Не помню подробности осмотра квартиры. Алинки нигде не было. Вернувшись к раненому, перевернул его на спину, нащупал нитевидный пульс на сонной артерии. Потом задрал окровавленную слипшуюся майку в поисках источника кровотечения и увидел в руке орудие убийства: нож-финку. Несколько секунд, помню, рассматривал его, держа за лезвие, чувствуя, как сердце убыстряет свой ритм. Ещё бы, не каждый день оказываешься на месте преступления.
Потом, словно очнувшись, оглядел прихожую и увидел телефон, схватил трубку, но не услышал гудков.
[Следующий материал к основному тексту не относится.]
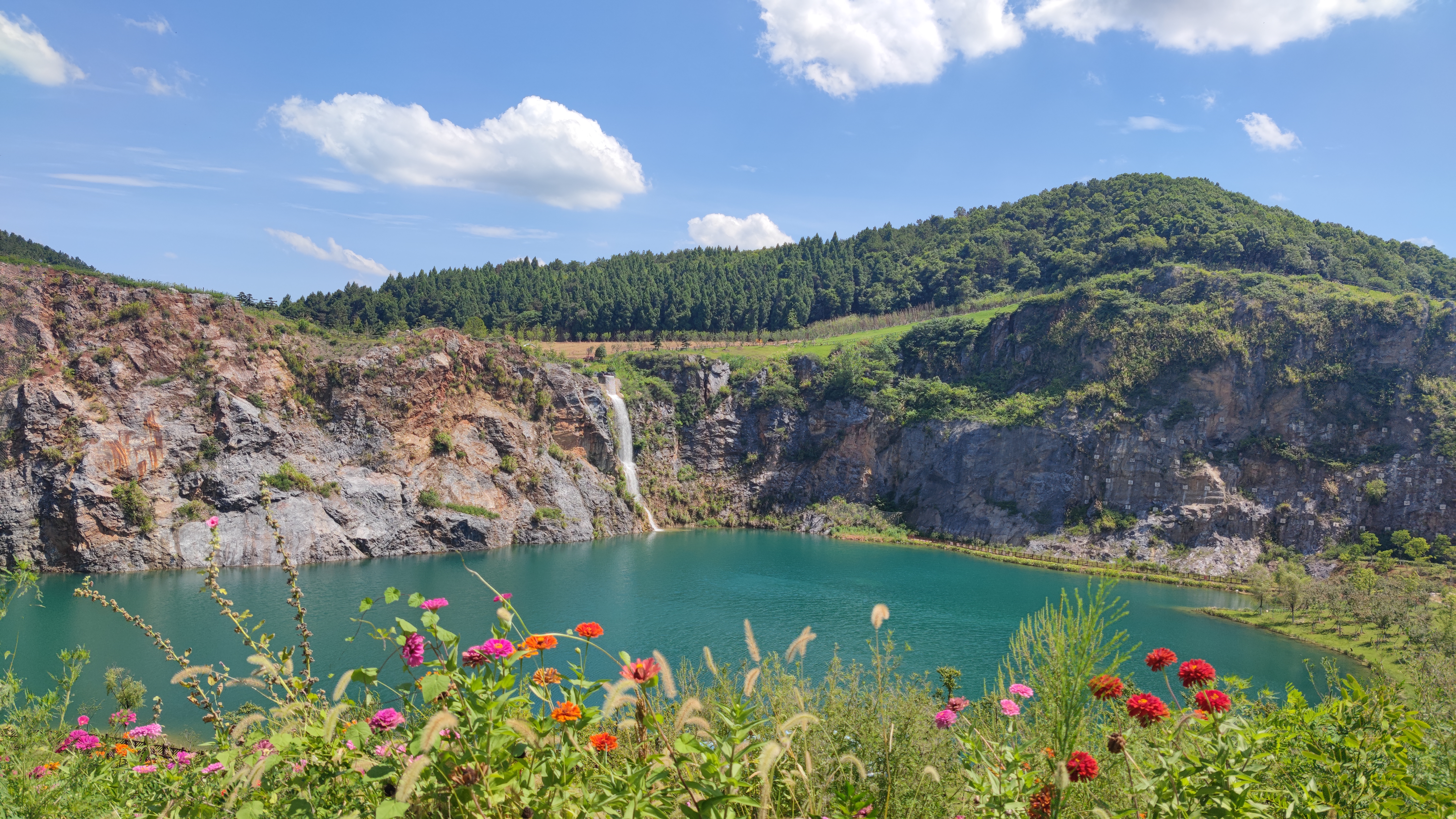 而行至山顶,高山草甸一望无垠,草地顺着山势起伏。俯瞰景区,绿如翡翠的矿坑湖则如同一面山间明镜,照亮了灵山各景。山间一道近50米高的瀑布飞流而下,激起层层浪花,远处的波斯菊、百日菊、向日葵花海、石林、采矿旧址尽收眼底。

Тогда бросился обзванивать все квартиры на площадке.
– Вызовите «скорую» ради бога!!! – крикнул несколько раз, но никакой реакции со стороны спящих соседей не услышал, как не прислушивался. Соседи либо крепко спали, либо предпочли сделать вид, что крепко спят. Зато до моего слуха донеслись какие-то звуки снизу.
В следующее мгновение заработал лифт. Я понял, что могу оказаться в идиотском положении. Но на цементном полу умирал человек, которого я не имел права оставить. Бедняга к тому времени был без сознания, восковое лицо его в тусклом свете лампочки ещё не раз будет мерещиться мне по ночам. Рана находилась в самом солнечном сплетении: удар наносил профессионал: снизу вверх, под ложечку…
Внезапно двери лифта разъехались в разные стороны, и на площадку друг за другом шагнули два здоровяка в чёрных костюмах. Таких я про себя называю «охранниками банка». Один из них, отдалённо напоминавший Ван Дамма, отшвырнул меня от умирающего вглубь квартиры, второй, с глазами навыкате, склонился над телом.
– Гамбит, алё, кто тебя так? – шлёпая лежащего по бледным щекам, склонившийся грязно выругался. Я про себя окрестил его лупоглазым. Выпрямившись, он цокнул языком и покачал головой: – Вот тебе и резюме по факсу.
В квартиру зашли ещё несколько братков, абсолютно одинаковых, словно выпеченных в одной прямоугольной форме. Меня оттеснили в комнату, усадили на диван. Два бугая сели по бокам, пристегнув мои запястья наручниками к своим кувалдоподобным ручищам.
Лупоглазый уселся в единственное кресло и принялся рассматривать меня, словно рыбку в аквариуме, своими выпученными, чуть желтоватыми глазами. В другое время я бы непременно посоветовал ему проверить печень и ограничить выпивку… Но, разумеется, не теперь.
В кармане Лупоглазого запиликал мобильник, он молча выслушал собеседника и хрипло буркнул:
– Заберём этого урода с собой, там поговорим, а то янычары вот-вот нагрянут. Ничего не трогать здесь!!!
Не сразу я сообразил, что термином «урод» Лупоглазый обозначил мою скромную персону. А когда сообразил, то запротестовал:
– Я нахожусь на лечении в хирургическом отделе… Меня будут…
Ни один из моих доводов на братков не подействовал. Рот мне профессионально задраили скотчем и вытолкали из квартиры.
У подъезда я разглядел два джипа. Меня втиснули на заднее сиденье одного из них, по обе стороны устроились толстозадые громилы с физиономиями мумифицированных кин-конгов, и «кавалькада» рванула с места. В тех немногих боевиках, которые я иногда просматривал по телику, пленникам вроде меня на голову надевали мешки, чтобы те не запомнили дороги, по которой их везут к месту заточения. Мне же никто подобной «услуги» не предложил, из чего я сделал вывод, что живым меня никто отпускать не собирается. Так и покачивался на заднем сиденье: в пижаме, больничных тапках, со следами побоев на лице.
В голове же у меня «покачивалась» мысль: Паскарь – гнида, подставил меня, как котёнка. Знал, небось, что в квартире будет труп, и послал меня, влюблённого ревнивого пингвина на разборку. В это логово, в эту пасть.